La procura di Rimini chiude l’inchiesta con 18 indagati per


il buco da 742 milioni di euro
Giacomelli, la fabbrica dei falsi
Ipotizzati associazione a delinquere, bancarotta fraudolenta e
riciclaggio

Le operazione fittizie
Gli ex vertici emettevano fatture artefatte con logo Nike e
producevano scontrini tutta la notte per distrarre fondi a danno
dei creditori.

di Morya Longo
Emettevano fatture false riproducendo artificiosamente anche il
logo della Nike.
Distraevano i fondi. E poi gonfiavano i bilanci, arrivando a
collegare 20 registratori di cassa a un server in modo da
stampare scontrini automaticamente per tutta la notte.
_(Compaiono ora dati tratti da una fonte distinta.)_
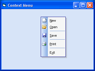 - Add the following code to the MouseUp event to display the context menu at the current coordinates of the mouse pointer.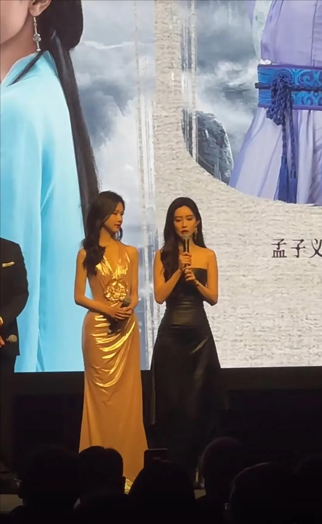 陈都灵,孟子义出席香港国际影视展活动,两个大美女同框好养眼,陈都灵这次的大波浪卷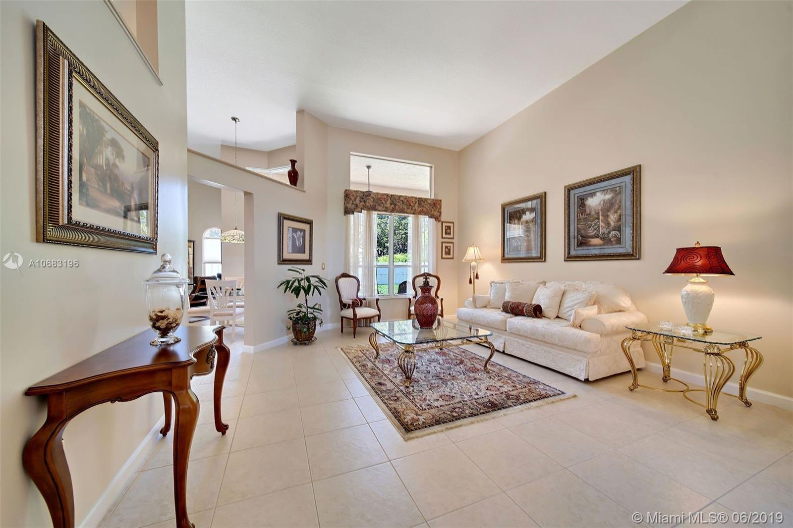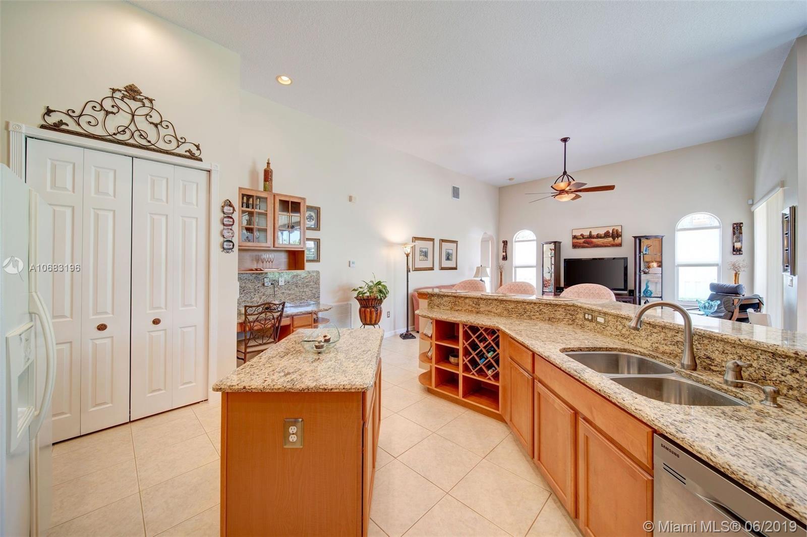 Spectacular is how you will feel when entering your beautifully appointed home located in much sought-after Crystal Harbour. 4/3+study. Upgraded Monterey model with lots of natural lighting. Granite kitchen counter/bar area extended to include wine rack & extra shelving. Electric dbl oven & stovetop. If desired - gas outlet available. Partition was extended to ceiling between liv rm & kit. Formal dining room plus separate dining area off fam rm. Bay window to view your private back yard. Large covered porch with pavers - perfect for bbq & relaxing. **TWO central a/c units - both replaced recently. Tiled floors throughout. Luxurious mast bath. Walk-through shower. Roman tub. Separate sinks. *Bidet* Linen closet. Private bedrm & bath off fam rm - perfect for guests. Cenral vac system

Nel gruppo Giacomelli Sport, quotato in Borsa nel 2001 e finito in
default nel 2003, se ne sono viste di tutti i colori: bilanci falsi,
fatture artefatte, compravendite fittizie di merci. E tante
distrazioni di fondi.
Il Pm di Rimini, Luca Bertuzzi, ha chiuso in questi giorni le indagini
sul crack da 742 milioni di euro.
La lunga inchiesta, condotta dal Nucleo di polizia tributaria di
Bologna (primo gruppo exverifiche speciali), si è conclusa con 18
indagati: dall’ex presidente Emanuele Giacomelli al padre Antonio
e la moglie Gabriella Spada dall’ex direttore finanziario Stefano
Pozzobon a numerosi parenti dei coniugi Giacomelli, fino al loro
ex autista.
L’avviso di chiusura delle indagini ipotizza numerosi reati:
associazione a delinquere, bancarotta fraudolenta aggravata,
ricorso abusivo al credito, frode fiscale, emissione di fatture false,
insider trading, manipolazione del mercato, calunnia truffa,
riciclaggio, falsità in scrittura privata. Totale: 17 capi
d’imputazione, Descritti nell’avviso di chiusura delle indagini.
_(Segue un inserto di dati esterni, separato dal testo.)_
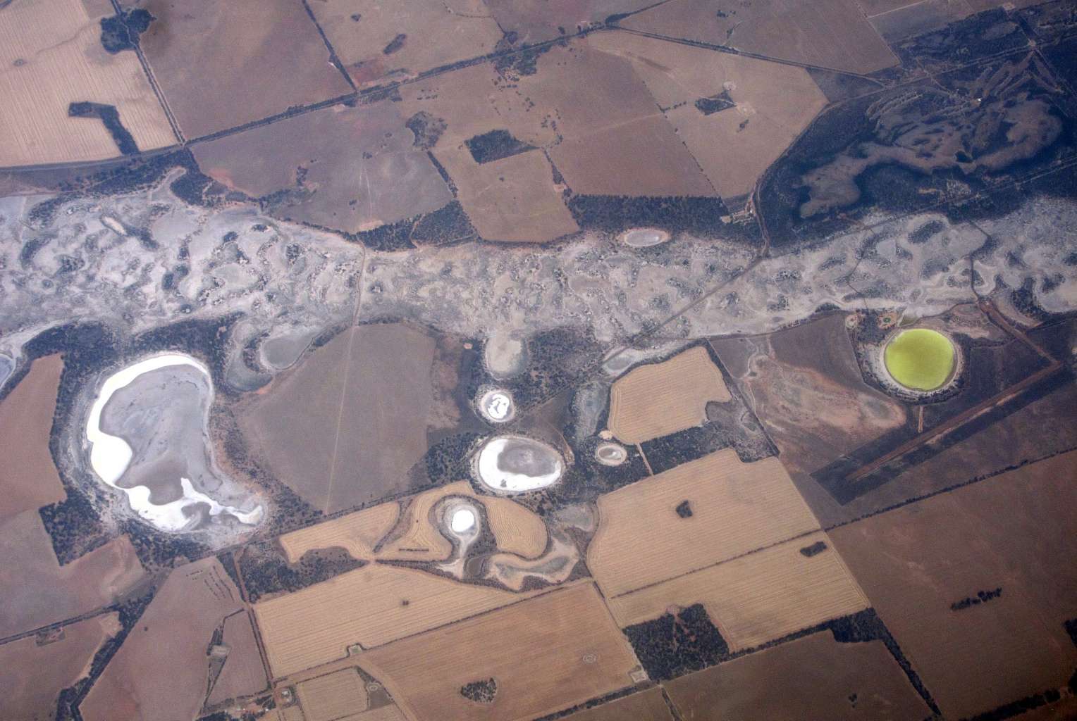 Salt pans and dams are scattered across drought effected farmland in Western Australia, on Nov 12, 2015.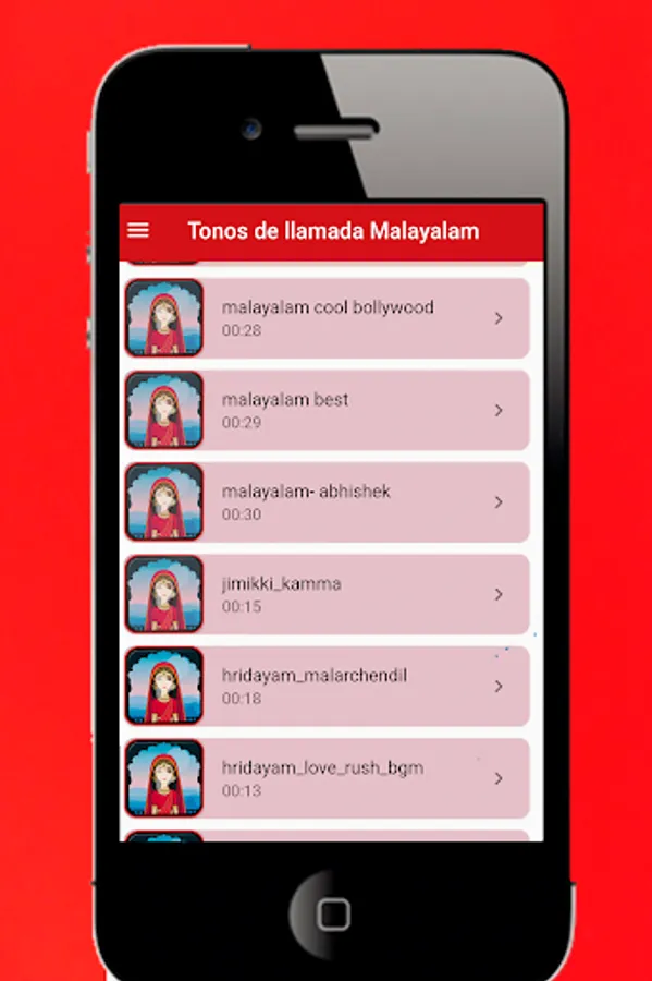Enjoy the new Malayalam music ringtones application to set as ringtone, notification tone, alarm tone. The most traditional and cultural new original ringtones of Malayali melodies with Indian lyrics. to vary the sound of your Android mobile phone, with a mixture of rhythms popular ceremonial and folk songs of kerala rhythms such as: Classical music, Folk music, music Symphonic music, Pop music, Rock, Hip hop, Jazz and blues and bhajan Hinduism folks ...contemporary and ancient, feel free to download.

Uno dei modi per Svuotare il gruppo consisteva nell’aprire punti
vendita ad insegna <Giacomelli sport> nell’Est Europa. Negozi
che, <<attraverso le condotte delittuose di sovra-fatturazione e
di duplicazione dei pagamenti venivano utilizzati per distrarre
ingenti quantitativi di denaro dal Gruppo Giacomelli>>.
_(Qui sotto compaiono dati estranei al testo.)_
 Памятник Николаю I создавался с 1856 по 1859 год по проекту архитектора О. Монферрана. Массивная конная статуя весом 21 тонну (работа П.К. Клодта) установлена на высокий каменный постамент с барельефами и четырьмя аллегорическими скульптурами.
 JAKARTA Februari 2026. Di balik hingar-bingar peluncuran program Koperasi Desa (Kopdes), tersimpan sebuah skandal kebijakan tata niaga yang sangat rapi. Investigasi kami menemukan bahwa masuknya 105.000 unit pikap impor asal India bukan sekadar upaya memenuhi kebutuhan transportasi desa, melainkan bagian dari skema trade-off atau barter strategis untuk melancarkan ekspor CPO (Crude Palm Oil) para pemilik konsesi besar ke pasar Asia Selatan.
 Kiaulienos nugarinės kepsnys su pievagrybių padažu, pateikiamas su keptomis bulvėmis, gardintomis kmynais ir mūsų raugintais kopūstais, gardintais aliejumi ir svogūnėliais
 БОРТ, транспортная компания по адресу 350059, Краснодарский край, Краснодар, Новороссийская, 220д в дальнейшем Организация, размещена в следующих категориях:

Per compensare in bilancio le perdite, poi, i vertici della società e
alcuni complici instauravano rapporti commerciali fittizi. Per
esempio Giacomelli Sport e la Arredo Trading (amministrata da
Vittorio Fracassi, consulente del gruppo) <<facevano risultare
acquisti e vendite di beni fittizi, supportati da movimentazioni
finanziaria anch’esse artefatte, determinando un volume di falsi
elementi attivi di reddito>> nel bilancio Giacomelli per 57
miliardi di lire tra il 1197 e il 2000: in questo modo – scrive il Pm –
si determinava <<una redditività aziendale fittizia, cosi
mascherando le perdite>>. Ma il massimo della “fantasia” gli ex
vertici del gruppo l’hanno raggiunto falsificando le fatture della
Nike.
Tra il 2001 e il 2003 hanno simulato pagamenti per l’acquisto di
merce, producendo fatture false per oltre 50 milioni di euro:
denaro che veniva riciclato (accreditandolo direttamente nei conti
dei loro consulenti e poi riprelevandolo in contanti) e che poi
veniva compensato in bilancio con <<<incassi fittizi al fine di
gonfiare i corrispettivi delle vendite>>. Come facevano?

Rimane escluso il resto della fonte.